Charles Thompson
- Born: Charles Edward K. Thompson
- Died: Lancashire, England

Rugby union career
- Position(s): Fullback

Amateur team(s)
- Years: Team / Apps / (Points)
- Manchester Rugby Club /  / ()
- –: Barbarian F.C. /  / ()
- –: Lancashire /  / ()

International career
- Years: Team / Apps / (Points)
- 1899: British Isles / 3 / (0)

= Charles Thompson (rugby union, born 1874) =

British Isles international rugby union player

Charles Edward Thompson (1874 – ?) was an English international rugby union fullback who played club rugby for Manchester and county rugby for Lancashire.

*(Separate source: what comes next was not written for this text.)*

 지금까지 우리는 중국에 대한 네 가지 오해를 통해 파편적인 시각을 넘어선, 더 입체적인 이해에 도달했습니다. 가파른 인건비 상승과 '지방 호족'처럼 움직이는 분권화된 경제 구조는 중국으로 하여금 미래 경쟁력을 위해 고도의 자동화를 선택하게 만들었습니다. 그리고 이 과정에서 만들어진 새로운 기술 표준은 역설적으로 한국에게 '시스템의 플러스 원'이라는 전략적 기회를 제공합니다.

Thompson was selected for the British Isles team on its 1899 tour of Australia, but despite representing Great Britain, never played international rugby for England.

==Rugby career==
Thompson first came to note as a rugby player through his selection in the 1899 British Isles team that toured Australia. He was uncapped before his selection, and did not have the distinction of an Oxford or Cambridge sporting 'Blue', a factor common to many of the touring party. The players were normally chosen at this early stage of touring parties, on sporting ability and just as importantly on the ability to take an unpaid five-month leave of absence.

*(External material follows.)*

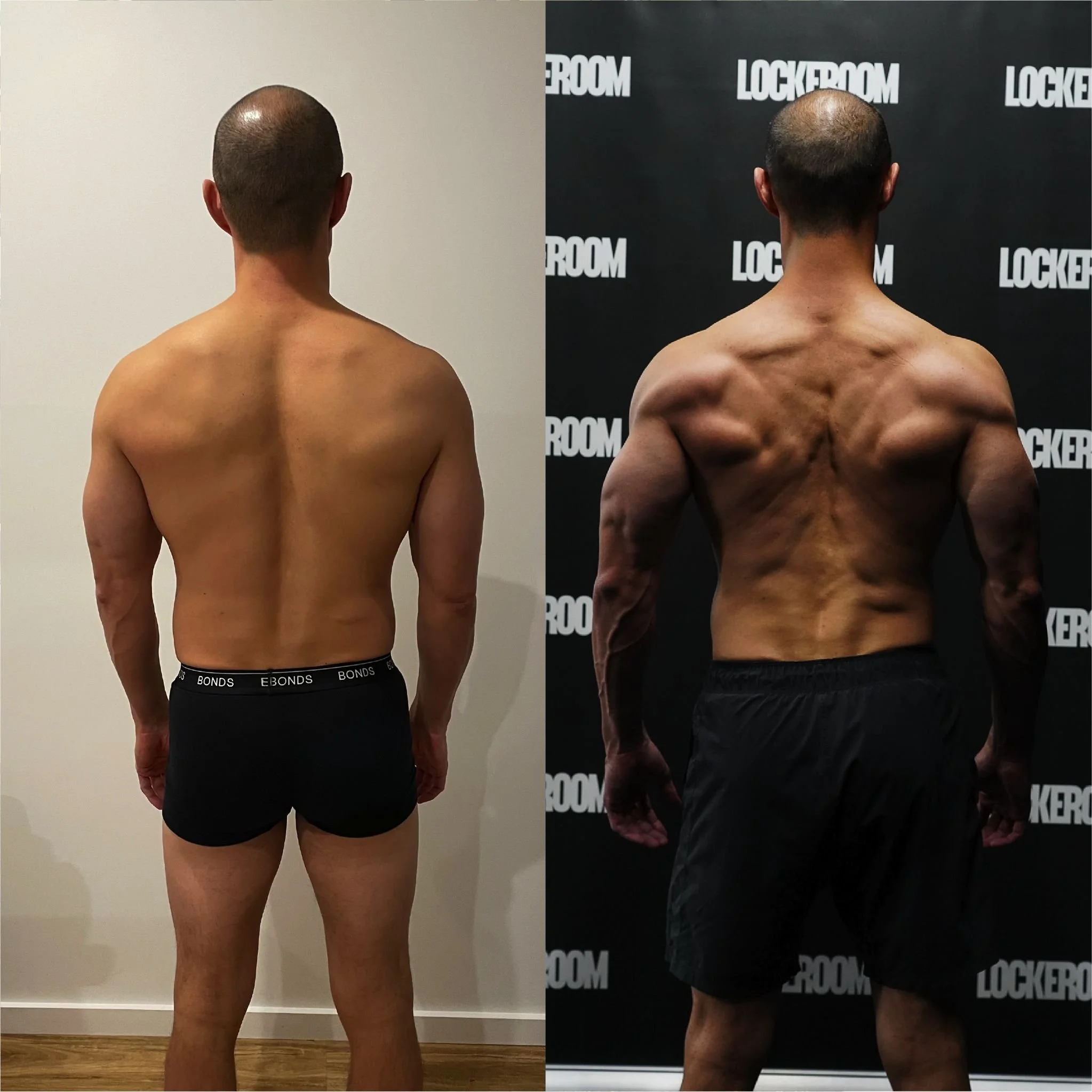 Over the next 3 years we built Justin from what he would call “skinny fat” with constant back issues to now a built, lean and pain free “super dad”.

Thompson was described by his tour captain Matthew Mullineux, as having 'a good kick' and having the ability to play at three-quarters and in the forwards. This would have made Thompson an all round player, because as a specialist full back, the only positions on the pitch excluded by his captain were at half-back. Thompson played in 13 games of the British Isles tour, including three Test matches against the Australian national team. Thompson was not selected for the first test in Sydney, with Mullineaux selecting Esmond Martelli at full back. The British team lost the opener, and Mullineux reacted by reshuffling his squad, including dropping himself from future Test games, and also selecting Thompson rather than Martelli. Mullineux's tactics resulted in the British Isles winning the remaining three Tests, and Thompson finishing the tour with three international wins.

When selected for the British Isles, Thompson is listed as representing Lancashire, but in the 1900/01 season he is listed as playing for northern team, Manchester Rugby Club. While at Manchester, he was approached by the Barbarians, an invitational touring team that played within Britain. Thompson accepted the invitation becoming one of the earliest members of the club.